Strangely though, the bavette arrived completely cooked through and the colour of my brown school tie on the inside. Like I said, strange. Why would the kitchen send out on the same board two pieces of meat supposed to be medium-rare when one so clearly wasn’t?
When this was pointed out to our friendly waitress, she immediately offered, on the chef’s behalf, a second shot at glory, which we gratefully accepted. By the time we’d worked our way through the hanger, a perfectly pink bavette had arrived from the grill, rested and ready to eat.
And we ate it and enjoyed it. Props to whoever made the chimichurri too, which was the best one I’ve had in London. They sent out a free plate of chips, by way of apology, to go with the too-polite poutine and greens we’d ordered as our sides.
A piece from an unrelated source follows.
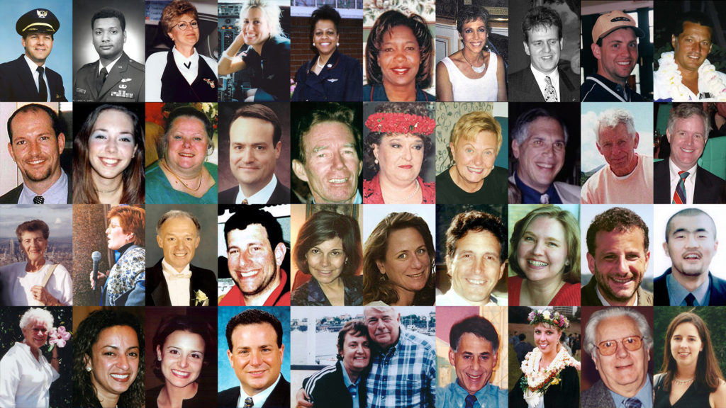 เหตุการณ์ 11 กันยายน 2001 มีผู้เสียชีวิตทั้งหมดเป็นจำนวนมากกว่า 3000 คน ประกอบด้วยการพลเรือนที่เสียชีวิตที่นิวยอร์กบนอาคารตึกแฝดและภาคพื้นดินราว ๆ 2600 คน ทหารและพลเรือนที่เสียชีวิตที่อาคารเพนตากอน 125 คน นักดับเพลิงที่เสียชีวิตจากการปฏิบัติหน้าที่ในนิวยอร์กราว ๆ 340 คน ผู้ก่อการร้ายที่ทำการจี้เครื่องบิน 19 คน และผู้โดยสารบนเครื่องบินทั้งสี่ลำ 246 คน (ไม่มีผู้ใดบนเครื่องบินทั้งสี่ลำรอดชีวิตแม้แต่คนเดียว)

Shamefully, everything was eaten, except the ribs, which left no room for dessert, but I wished I’d left room for that Chinese restaurant classic, banana fritters. Next time, eh. And given I live locally, there might actually be a next time.
Our bill came to £118, which included all that food plus a couple of drinks to start with and a bottle of mid-range South African cabernet sauvignon. But if you were minded you could spend half that and still enjoy a decent feed, especially if you stick to the hanger.